Edición Semanaria de Noticiero Latino
March 7th | Listen to the program
IMMIGRATION CHANGE - The Immigration and Naturalization Service just became part of the newly created Department of Homeland Security. Although officials claim the change will not cause negative effects to immigrants applying for residency, some congressmen and immigration experts think otherwise. Their main concern is that immigrants might be viewed as a potential risk to national security. Maria Rossel reports from Washington, D.C.
MEXICO’S VOTE - So far, Mexico has supported continued weapons inspections in Iraq. However, recent official discourse increasingly refers to the need to disarm Sadaam Hussein. This uncertainty has caused concern among many Mexicans, who fear that pressure by U.S. government may gain Mexico’s support in the UN for a possible war against Iraq. In response, legislators, scholars, and civic organizations reaffirm their support for President Vicente Fox, but they are urging him to maintain his government’s position in favor of peace.
TACO BELL BOYCOTT - After a 10-day hunger strike outside of Taco Bell’s headquarters in Irvine, California, 35 tomato pickers from Immokalee, Florida, suspended their fast. This was part of a national campaign to convince the fast food company to assist farm workers in achieving improved labor conditions. The protest was suspended at the request of a religious coalition that promised to support the Taco Bell boycott until the company accepts a dialogue. Ruben Tapia reports.
March 14th | Listen to the program
BORDER KILLING - Civil rights and pro-immigrant groups are questioning the killing of a 19 year-old Mexican migrant by Border Patrol agents in El Paso, Texas. As a result, Juan Patricio Peraza’s case is new before a grand jury and, once again, the agency’s policies on use of lethal force are being scrutinized. Kent Patterson filed this report, which is narrated by Guadalupe Carrasco.
FIGHTING DEPORTATION - Despite being a permanent U.S. resident for 12 years, Roger Calero, faces deportation for a crime he committed while he was a student. Calero’s possible expulsion is due to provisions of the 1996 immigration laws. In response, Calero is not only fighting his deportation but the law that is affecting thousands of other immigrants like him. Gabriela Benitez reports from Los Angeles.
CANCER SURVIVORS - Breast Cancer is the leading cause of death for women between 40 and 55 years of age, and is the second cause overall for women’s deaths in the U.S. This ailment has become increasingly mortal for Latinas due to lack of early detection. For this reason, some survivors have dedicated their lives to support other affected women and promote the importance of early screenings. Silvia Parra reports.

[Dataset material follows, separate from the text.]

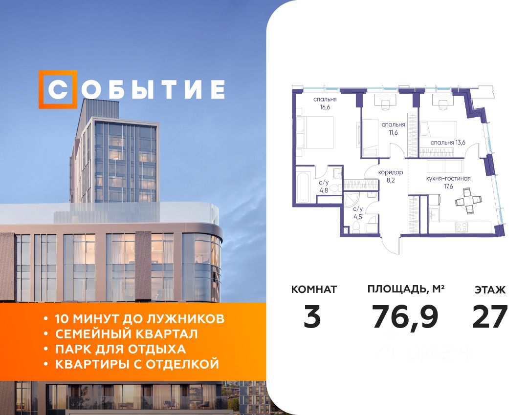 СОБЫТИЕ.6 — финальный дом парк-квартала СОБЫТИЕ на Мосфильмовской. Переезжайте в уже сформированный квартал с готовой инфраструктурой и парком! Премиальный жилой комплекс в престижном районе Москвы предлагает стильную архитектуру, продуманное благоустройство и великолепно разнообразие общественных пространств. Свой парк прямо возле дома!

March 21st | Listen to the program
CLOSING RANKS - In times of war, an unofficial policy in Washington requires legislators from both political parties to leave differences aside and support the president. As Patricia Guadalupe reports, when it comes to Iraq, not everyone is following that policy.
NY SURVEILANCE - New York City was under military surveillance while bombs began to descend over Iraq on Wednesday. This security plan combines both federal and city efforts to secure the city’s population, who were affected by the September 11th terrorist attacks. Despite heightened security, civil disobedience and protests have been unusually active 24 hours. Marco Vinicio Gonzalez reports.
DIVISIONS OVER WAR - While Latinos’ opinions on the war with Iraq are divided, most oppose it. That is at least the trend in comments made by Linea Abierta listeners during a program broadcast hours after the invasion. Wanda Colón Cortes and Samuel Orozco host this special coverage with live audience between Radio Bilingüe and Puerto Rico’s Radio Universidad.
March 28th | Listen to the program
WAR UNCERTAINTY - While war against Iraq is being fought thousands of miles away, the pain and suffering has reached many families that live in the U.S. Family members of soldiers stationed in the Persian Gulf share their worries and uncertainty about their loved ones.
POLITICAL PRESSURE - Politicians and Latino organizations in Washington avoid comments on the war against Iraq. In Los Angeles, however, Democrats have harshly criticized both President Bush and their own political party. During a recent forum at the local Pacifica Network affiliate, KPFK, Congressman Xavier Becerra (D-CA) and Council Member-elect, Antonio Villaraigosa respond to pressure by local listeners. Ruben Tapia reports.
LATINO OPINIONS - As the number of casualties on Iraqi territory increase, radio listeners in the U.S. and Puerto Rico share opinions about the war. Linea Abierta hosts, Samuel Orozco in San Francisco and Wanda Colon Cortes, in Puerto Rico, captured listeners’ thoughts this week.